Gleich mehrere Hochschulen berichteten über Versuche mit neuen Lernformen. So stellte die Universität Münster ein Pilotprojekt mit multimedialen Vorlesungen vor. Damit könne die Studienzeit erheblich verkürzt werden. Allerdings verlange diese Lernform wesentlich mehr Eigeninitiative und Aktivität der Studenten als der Besuch einer klassischen Vorlesung - oder "kuschelige Bücher". Ziel sei es, die Qualität der Lehre und des Lernens zu steigern: Studenten und Lehrende verfügen über eine gemeinsame elektronische Bibliothek.

Der Dozent nutzt während der "Computer Assisted Teaching"-Vorlesung eine Slideshow, die Studenten arbeiten während des "Computer Assisted Learning" mit einer Hypertextbasis. Alle Lernmaterialien, ob CBTs auf CD-ROM, im Internet bereitgestellte Informationen oder Printmedien, befinden sich in einem kommunikativen Verbund. Die meisten Kenner der Materie sind heute der Ansicht, daß die CD-ROM bisher besser zum Lernen geeignet sei als das Internet.

Professor Heppell von der Anglia Polytechnic University sieht den Vorteil der Selbstlernmedien, ob on- oder offline, unter anderem darin, daß sich jeder Lernende das Wissen nach dem eigenen Lernmodell individuell und prozeßorientiert erarbeiten könne. Am Beispiel des Ultralab zeigte er, wie im Internet bereitgestellte Wissensquellen durch Anmerkungen der Lehrenden - auch angeregt durch Fragen der Studenten - angereichert werden können.

Auf große Resonanz stieß ein eintägiger Spezialkongreß zum Thema Hochschule. Auf einer Podiumsdiskussion zum Thema virtuelle Universitäten wurde deutlich, daß es noch schwierig ist, eine gemeinsame Diskussionsebene zu finden.

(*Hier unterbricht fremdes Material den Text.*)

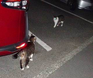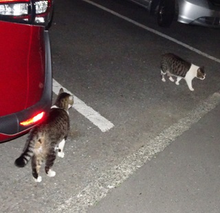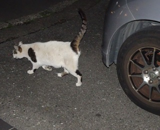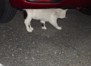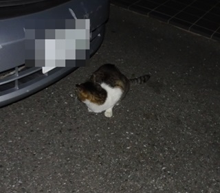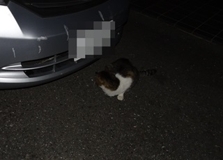 36.鼻キズ子のニケちゃんは自動車の下に隠れている雌猫を覗き込んでいます。
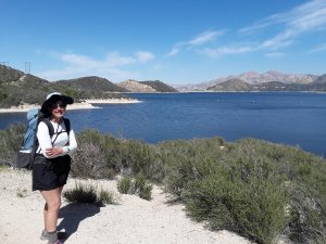 The trail crossed under Cedar Springs Dam, then climbed above Silverwood Lake. We enjoyed the view of blue water and sandy beaches for several miles, mostly high above, once dipping very near the water.

Nicht nur bei der Interpretation des Begriffs "Virtuelle Hochschule" gab es kontroverse Meinungen; die Referenten schätzten auch die Möglichkeiten und Risiken virtuellen Lernens unterschiedlich ein.

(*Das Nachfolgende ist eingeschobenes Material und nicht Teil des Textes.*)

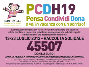 Dal 13 al 23 luglio l’associazione ha ottenuto un numero solidale 45507 per l’attuazione di una campagna di raccolta fondi. Nel contesto di tale campagna saremo anche presenti in RAI su varie trasmissioni nella settimana dal 16 al 22 luglio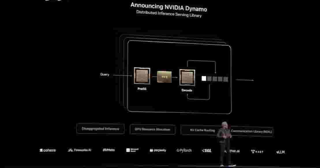 除了硬件升级,英伟达还提出了“AI工厂”的构想,旨在将计算机转变为生产Token的工厂。这一构想中,AI工厂能够根据用户需求全自动化地训练专属AI模型,实现AI模型的“千人千面”。为实现这一目标,英伟达发布了Dynamo系统,这一“AI工厂的操作系统”能够整合优化计算机资源,成倍提高Token生成效率。

Softwarebörse prämierte beste Hochschulprogramme

An den Messeständen konnten sich Bildungs-Manager über interaktive Lernprogramme zu verschiedensten Themen informieren, von CBTs zum Thema Sprachen, DV oder Elektrotechnik, über Seminarverwaltungs-Software und Testsysteme bis hin zu Lernprogrammen für Moderationsmethoden und komplexen Unternehmensplanspielen.

Die Softwarebörse Multimedia Transfer '97 zeigte die 30 besten von über 100 eingereichten Multimedia-Produktionen aus dem Hochschulbereich. Mit Förderpreisen prämiiert wurde unter anderem ein Tutorial zum Thema Web-Publishing, mit dem Präsentationen erstellt werden können, aber auch ein "Bio-Computing-Kurs", mit dem der Anwender sich über das Internet Wissen über Bioinformatik aneignen kann.